**THE TASK:** Reproduce the listing that follows in full. Omit its images.

**SUPPLIED DATA:**
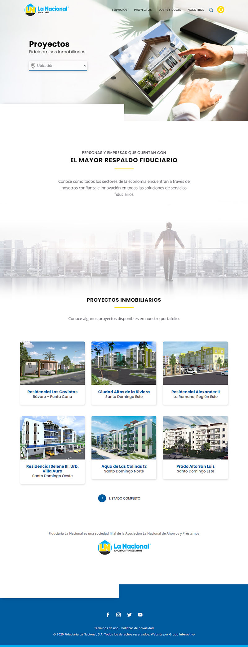 El diseño de este website procura presentar las soluciones de servicios fiduciarios así como la cartera de proyectos inmobiliarios mediante una interfaz simplificada y de línea moderna.
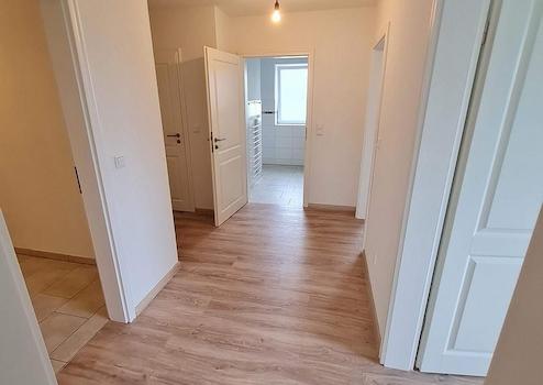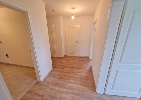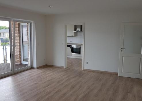Die Wohnung verfügt über zwei Schlafzimmer, Wohnzimmer mit offener Küche inkl. moderner, heller Einbauküche, Duschbad, Gäste-WC, HWR (m. Waschmaschinen-Anschluss) und einen großzügigen und teilüberdachten Balkon mit Süd-Ost-Ausrichtung sowie einem Abstellraum direkt auf dem Balkon (z.B. für Stuhlauflagen oder kühle Getränke). Das Wohnzimmer ist hell und hat große, bodentiefe Fenster.
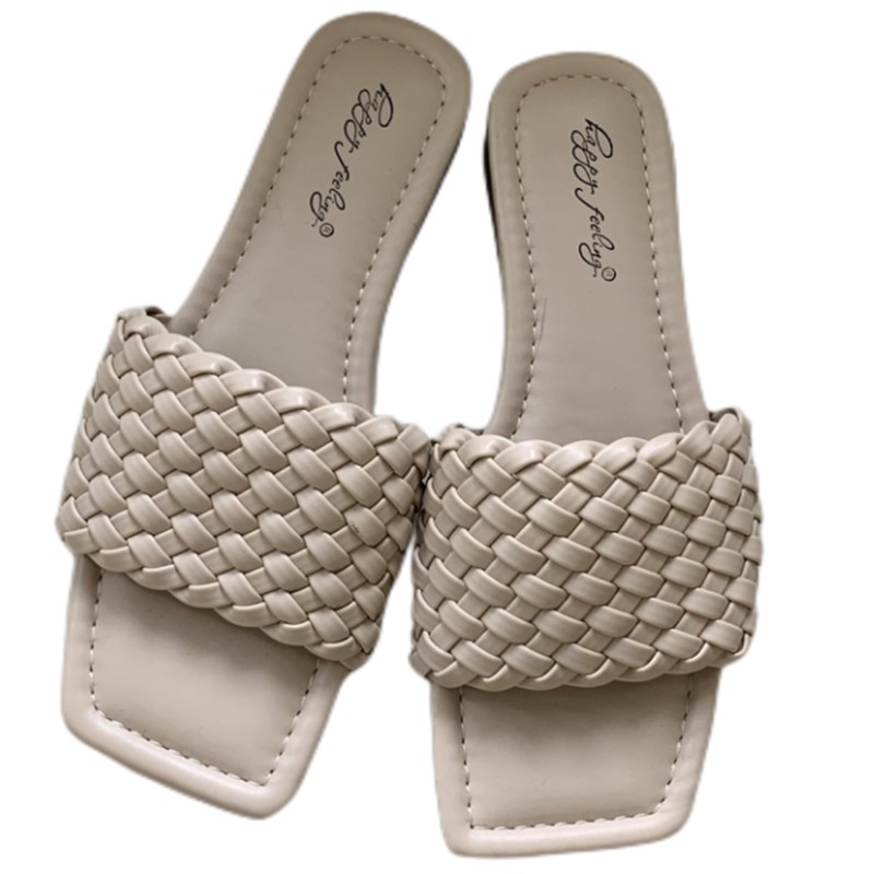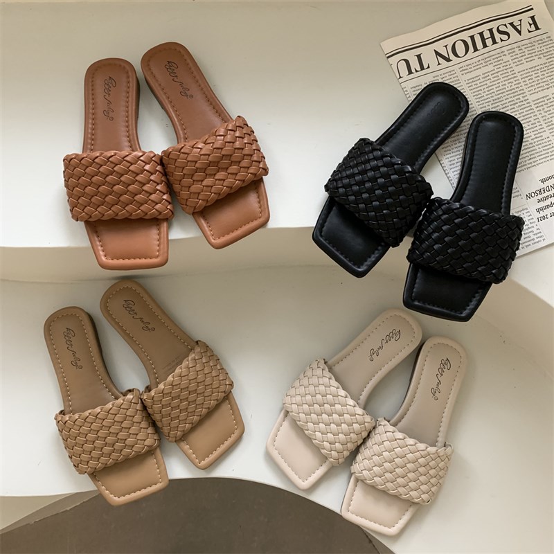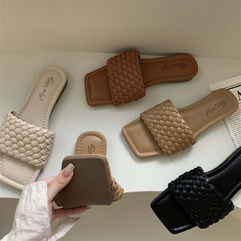 推荐~编织沙滩凉拖鞋女方头夏季外穿平底法式小众高级感拖鞋凉鞋
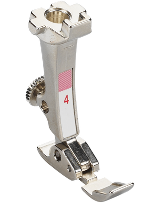 Zipper Foot #4 makes quick work of inserting zippers neatly and precisely. Its narrow, centrally placed toe allows Zipper Foot #4 to get very close to the zipper coils, enabling it to attach the fabric securely. The result is a perfectly inserted zipper with a consistent stitch pattern.

**EXERCISE RESPONSE:**
 El diseño de este website procura presentar las soluciones de servicios fiduciarios así como la cartera de proyectos inmobiliarios mediante una interfaz simplificada y de línea moderna.
Die Wohnung verfügt über zwei Schlafzimmer, Wohnzimmer mit offener Küche inkl. moderner, heller Einbauküche, Duschbad, Gäste-WC, HWR (m. Waschmaschinen-Anschluss) und einen großzügigen und teilüberdachten Balkon mit Süd-Ost-Ausrichtung sowie einem Abstellraum direkt auf dem Balkon (z.B. für Stuhlauflagen oder kühle Getränke). Das Wohnzimmer ist hell und hat große, bodentiefe Fenster.
 推荐~编织沙滩凉拖鞋女方头夏季外穿平底法式小众高级感拖鞋凉鞋
 Zipper Foot #4 makes quick work of inserting zippers neatly and precisely. Its narrow, centrally placed toe allows Zipper Foot #4 to get very close to the zipper coils, enabling it to attach the fabric securely. The result is a perfectly inserted zipper with a consistent stitch pattern.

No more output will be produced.